Además, no siempre interesa judicializar de inmediato. En algunos casos, una empresa de cobro de deudas puede conseguir el pago antes mediante presión documental, negociación y seguimiento. En otros, el juzgado será necesario.

Cómo ayuda RedClaimer antes y durante la reclamación

RedClaimer está orientada a empresas y autónomos que necesitan recuperar facturas impagadas con un proceso claro. Primero se revisa la deuda, después se activa la reclamación extrajudicial y, si el deudor no paga, se puede valorar la vía judicial con abogados colaboradores.

Este enfoque es útil porque combina rapidez, trazabilidad y estrategia. Además, permite que el acreedor no pierda tiempo persiguiendo al cliente y, al mismo tiempo, llegue mejor preparado si finalmente hay que demandar.

En una reclamación de impagos, el objetivo no es “ir a juicio por ir a juicio”. El objetivo es cobrar. Y, para eso, a veces la mejor vía es negociar; otras, preparar el monitorio; y otras, ejecutar si ya hay título.

FAQ sobre cobro judicial de deudas

¿Cuándo puedo iniciar el cobro judicial de deudas?

Cuando la deuda está vencida, es exigible y puedes demostrarla. Aun así, conviene intentar antes una reclamación extrajudicial documentada, especialmente tras la Ley Orgánica 1/2025.

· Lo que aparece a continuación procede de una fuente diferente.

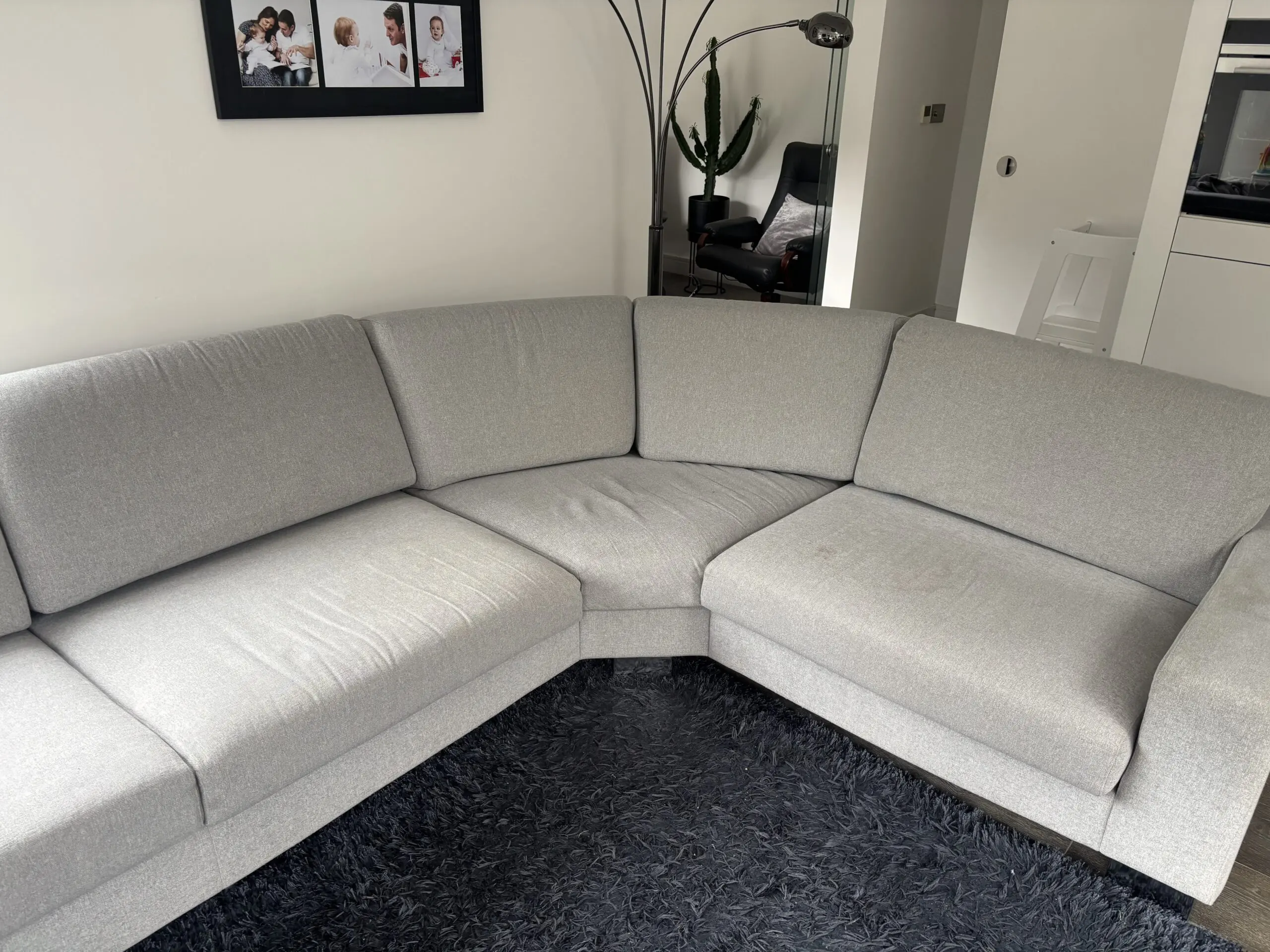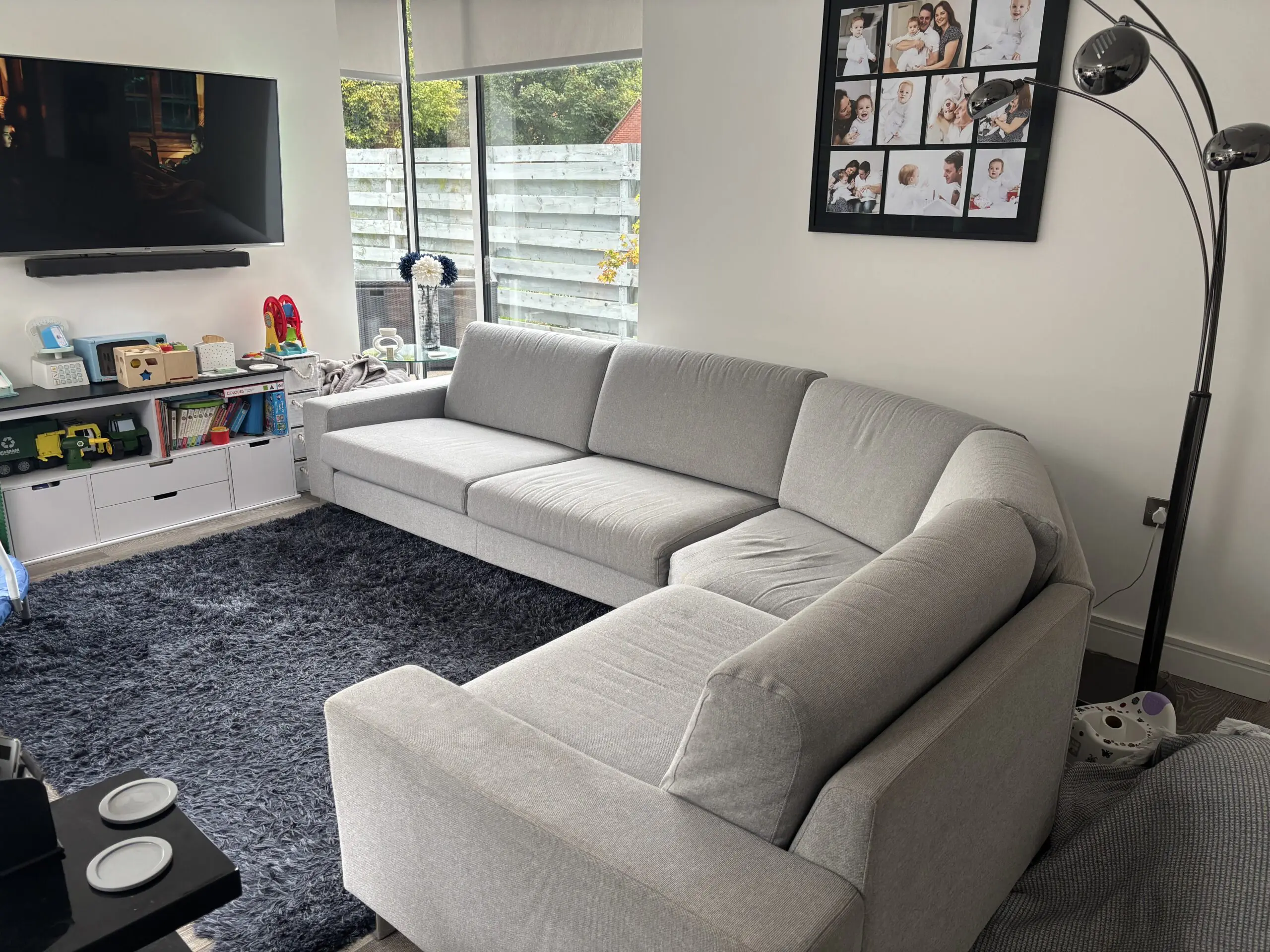 L shape bespoke made grey fabric sofa with hexagonal corner
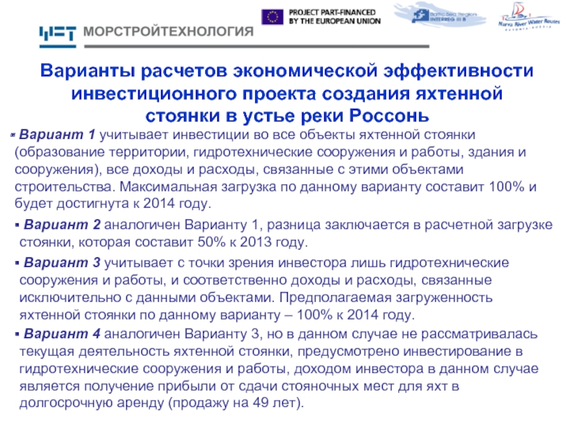 Вариант 3 учитывает с точки зрения инвестора лишь гидротехнические сооружения и работы, и соответственно доходы и расходы, связанные исключительно с данными объектами. Предполагаемая загруженность яхтенной стоянки по данному варианту – 100% к 2014 году.

¿Necesito abogado y procurador para reclamar una factura?

Depende de la vía y de la cuantía. En algunos trámites iniciales del monitorio no siempre son obligatorios, pero contar con apoyo profesional ayuda a evitar errores y a preparar mejor la estrategia.

¿Qué pasa si el deudor se opone al monitorio?

El asunto puede continuar como juicio verbal u ordinario, según la cuantía. En ese momento será clave disponer de pruebas sólidas y argumentos claros para defender la reclamación.

¿Puedo reclamar intereses y costes?

En muchos casos sí, pero dependerá del contrato, la factura, la normativa aplicable y la estrategia jurídica. Conviene revisarlo antes de presentar la reclamación.

¿Merece la pena demandar por una deuda pequeña?

Puede merecer la pena si la deuda está bien documentada, el deudor es localizable y el coste es proporcionado. Antes de demandar, conviene valorar importe, solvencia y posibilidades reales de cobro.

Conclusión: reclamar judicialmente exige método

El cobro judicial de deudas puede ser una herramienta muy eficaz para recuperar facturas impagadas, pero no debe improvisarse. Primero hay que documentar la deuda, intentar una reclamación seria, valorar la solvencia del deudor y elegir la vía adecuada.

Si tu cliente no paga, no responde o encadena promesas incumplidas, actuar pronto puede marcar la diferencia entre cobrar y perder fuerza.